I've seen guys wrap a magnet in a rag or put it in a baggy.


----------



## ilikepez (Mar 24, 2011)

Closest thing I can think off is a brass catcher for rifles.
http://www.cabelas.com/2011-shooting-gear-caldwell-15-brass-catcher.shtml?WT.tsrc=CSE&WT.mc_id=GoogleBaseUSA&WT.z_mc_id1=1170134&rid=40&mr:trackingCode=0007F915-921B-E011-8E88-001B21631C34&mr:referralID=NA

That guy looks like it would attach to most drills and its cheap enough.


----------



## 480sparky (Sep 20, 2007)

I just use a magnet wrapped in whatever is handy. Paper bag, newspaper, etc.


----------



## Grounded-B (Jan 5, 2011)

The "Funky Bag" !!

FPF International Corp, LLC
Post Office Box 300 
305 N 2nd Street
Upland, CA 91786
Telephone: 1-877-FUNKY-4-U

It's a leather bag with a totally enclosed magnetic rim.

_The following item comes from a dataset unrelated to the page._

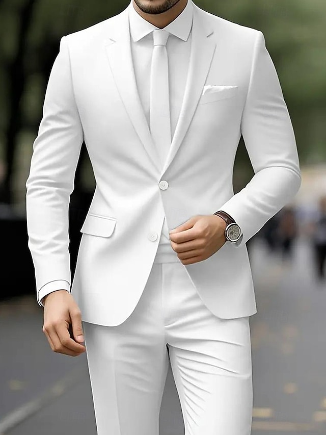 Мужской Смокинги Костюмы для вечеринок Повседневные Свадьба Белый Костюм Лацкан с тупым углом Формальная Однотонный Приталенный крой Набор из 2 предметов Однобортный с 3 пуговицами#15564922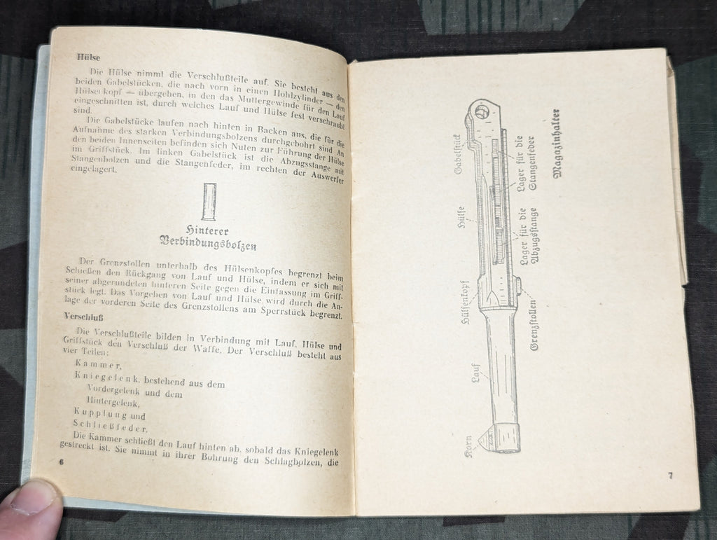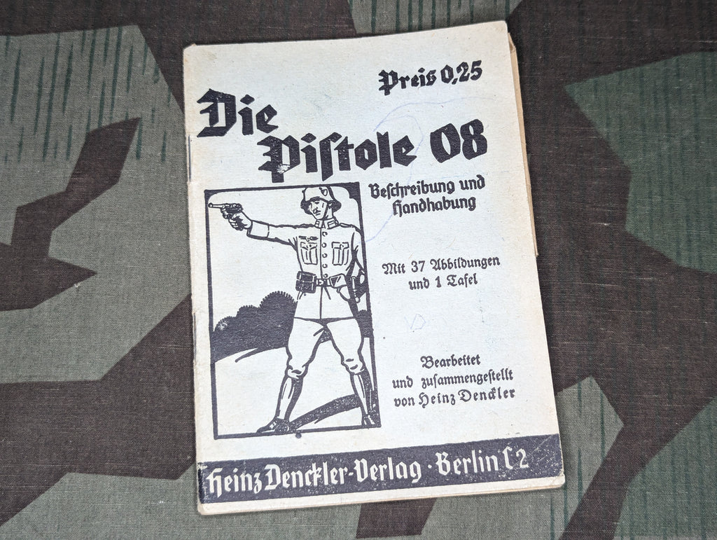 Original Luger Die Pistole 08 handbook. It covers the construction, care, maintenance, and firing. It is in decent, but not perfect condition. It has some general wear and there is some pencil scribble on the cover. - ← Previous Product Next Product →

Removable plastic bag insert for your chips.


----------



## Grounded-B (Jan 5, 2011)

http://www.easypower.com/docs/FunkyBagToolBrochure.pdf

Link to a brochure for the "Funky Bag"


----------



## chewy (May 9, 2010)

I put a magnet inside a sandwich bag, then turn the bag inside out to take it off to keep the magnet clean when I'm done when I'm drilling into occupid racks and cabinets. I think I'm going to buy a chassis punch and start using it with my impact, a lot less mess I reckon.


----------



## MechanicalDVR (Dec 29, 2007)

ilikepez said:


> Closest thing I can think off is a brass catcher for rifles.
> http://www.cabelas.com/2011-shootin...-921B-E011-8E88-001B21631C34&mr:referralID=NA
> 
> That guy looks like it would attach to most drills and its cheap enough.


 
The mesh on a brass catcher isn't very fine.


----------



## knowshorts (Jan 9, 2009)

Grounded-B said:


> The "Funky Bag" !!
> 
> FPF International Corp, LLC
> Post Office Box 300
> ...



That's exactly what I was visualizing. And the date seems about right. It doesn't appear that company is still in business. That brochure has enough information though, that I can have one custom made for a project I am doing.


----------



## DEdlin1990 (Mar 10, 2012)

Cut the hole and clean up afterwords with a level with rare earth magnets. Nothing works better and it's less stuff to have to worry about.


----------



## tkb (Jan 21, 2009)

A couple pieces of duct tape forming a pocket on the inside of the panel works very good.

The adhesive will catch the chips, Easy cleanup and very cheap.


----------